> **To do**
Give back, word for word, the lines in the listing below from the one holding "Please recommend me" down to the one holding "Watch our Facebook", both ends included.

> **Data to use**

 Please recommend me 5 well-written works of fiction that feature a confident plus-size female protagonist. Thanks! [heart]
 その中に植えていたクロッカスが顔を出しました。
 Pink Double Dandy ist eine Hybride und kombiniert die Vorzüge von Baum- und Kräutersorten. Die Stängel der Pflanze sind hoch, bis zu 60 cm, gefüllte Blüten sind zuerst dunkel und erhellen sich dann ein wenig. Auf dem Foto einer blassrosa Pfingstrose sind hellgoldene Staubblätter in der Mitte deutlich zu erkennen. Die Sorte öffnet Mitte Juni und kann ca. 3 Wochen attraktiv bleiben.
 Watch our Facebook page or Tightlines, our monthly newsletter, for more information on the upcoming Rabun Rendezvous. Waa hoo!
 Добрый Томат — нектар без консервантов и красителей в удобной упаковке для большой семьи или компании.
==
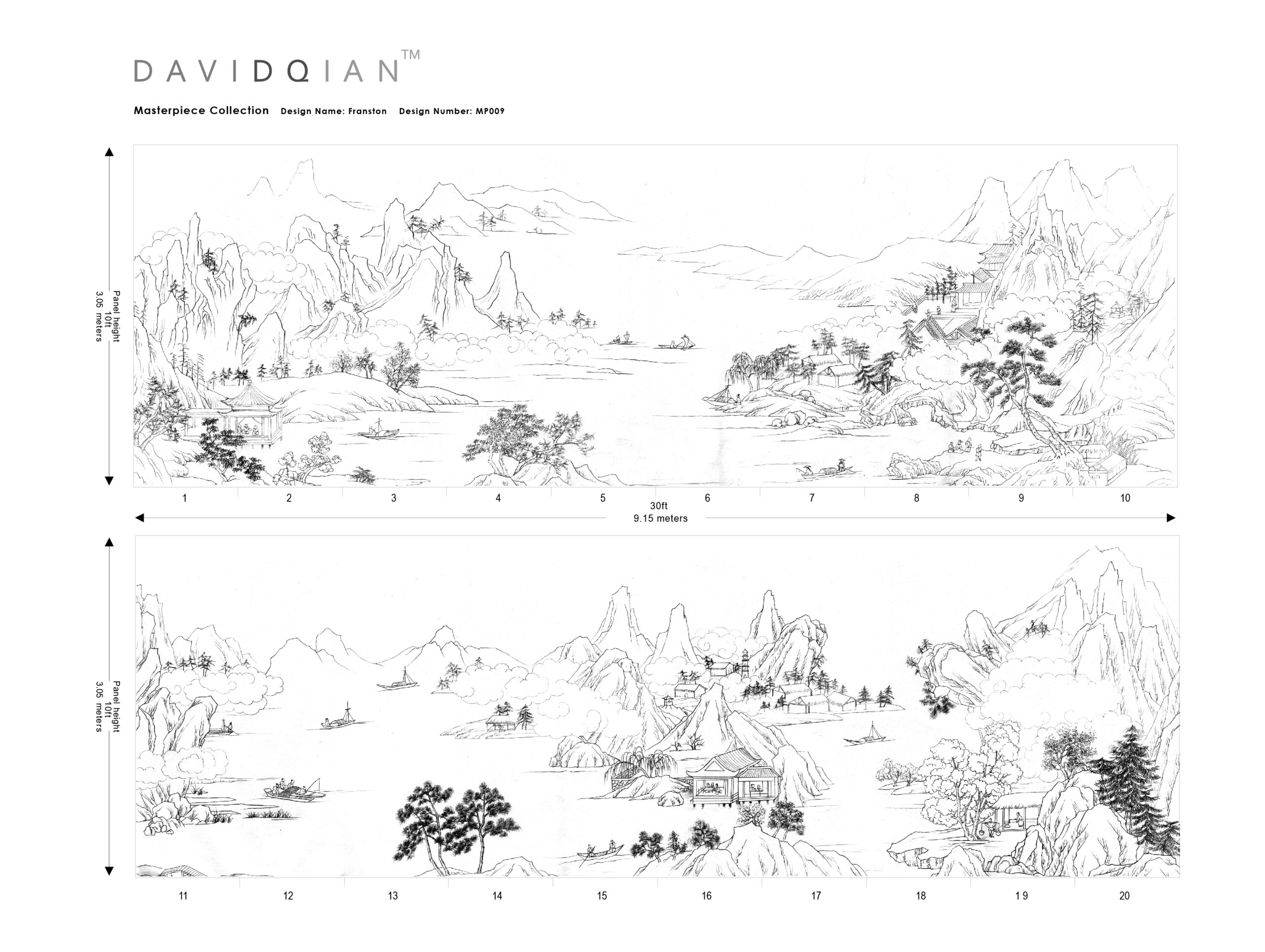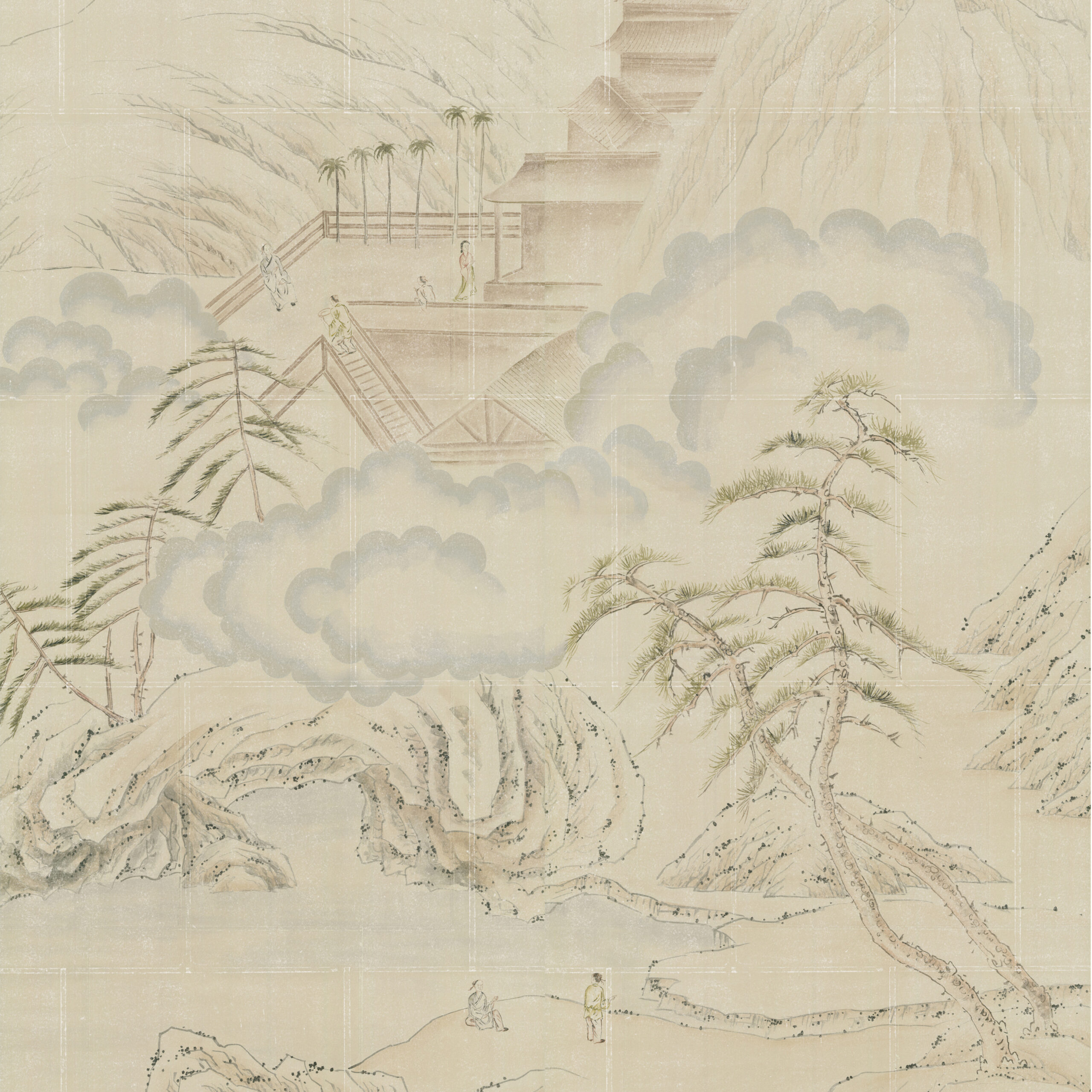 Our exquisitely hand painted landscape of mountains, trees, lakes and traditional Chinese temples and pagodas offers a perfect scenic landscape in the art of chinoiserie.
==
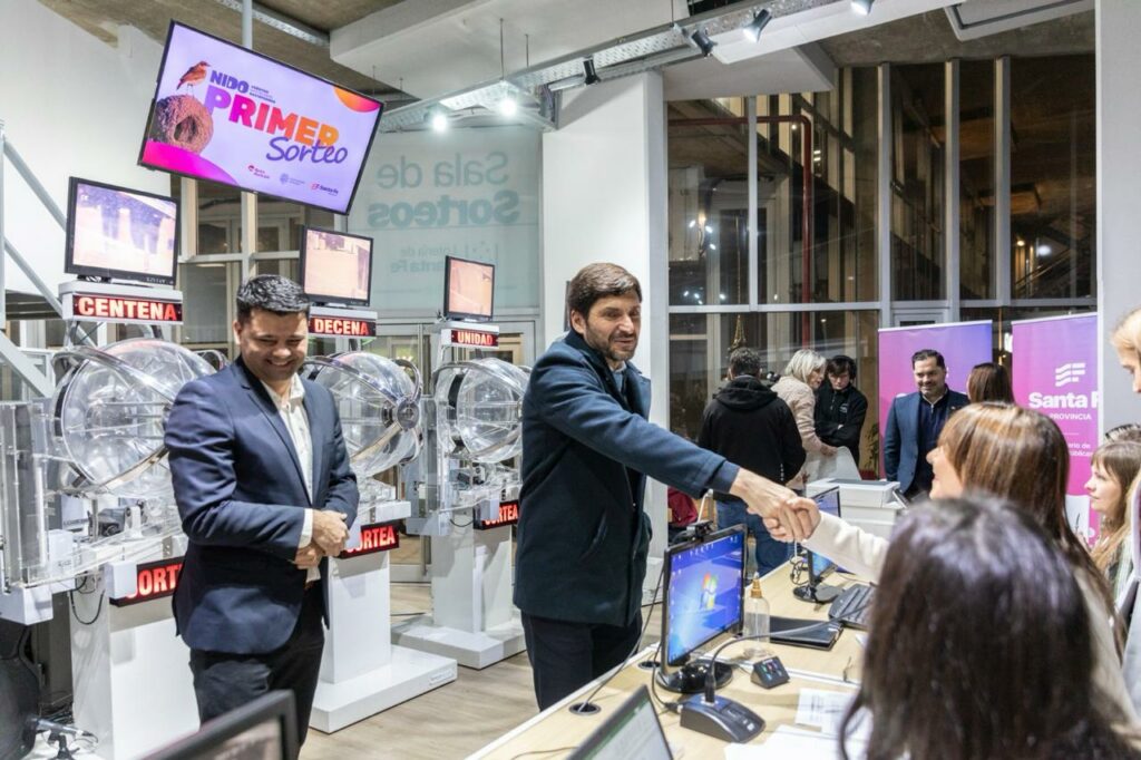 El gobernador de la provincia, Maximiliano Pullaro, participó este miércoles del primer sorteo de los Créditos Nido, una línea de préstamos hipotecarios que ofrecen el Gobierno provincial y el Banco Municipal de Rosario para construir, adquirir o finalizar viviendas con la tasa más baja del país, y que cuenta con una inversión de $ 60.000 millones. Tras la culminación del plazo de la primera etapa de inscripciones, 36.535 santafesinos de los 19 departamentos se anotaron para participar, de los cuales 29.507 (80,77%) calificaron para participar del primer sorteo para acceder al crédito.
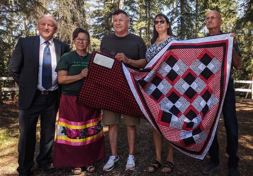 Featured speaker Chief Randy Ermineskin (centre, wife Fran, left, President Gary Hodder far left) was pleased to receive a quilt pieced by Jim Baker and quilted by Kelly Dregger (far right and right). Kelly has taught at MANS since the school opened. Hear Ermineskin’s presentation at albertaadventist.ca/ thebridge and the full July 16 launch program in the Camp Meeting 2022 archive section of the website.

> **Written answer**
 Please recommend me 5 well-written works of fiction that feature a confident plus-size female protagonist. Thanks! [heart]
 その中に植えていたクロッカスが顔を出しました。
 Pink Double Dandy ist eine Hybride und kombiniert die Vorzüge von Baum- und Kräutersorten. Die Stängel der Pflanze sind hoch, bis zu 60 cm, gefüllte Blüten sind zuerst dunkel und erhellen sich dann ein wenig. Auf dem Foto einer blassrosa Pfingstrose sind hellgoldene Staubblätter in der Mitte deutlich zu erkennen. Die Sorte öffnet Mitte Juni und kann ca. 3 Wochen attraktiv bleiben.
 Watch our Facebook page or Tightlines, our monthly newsletter, for more information on the upcoming Rabun Rendezvous. Waa hoo!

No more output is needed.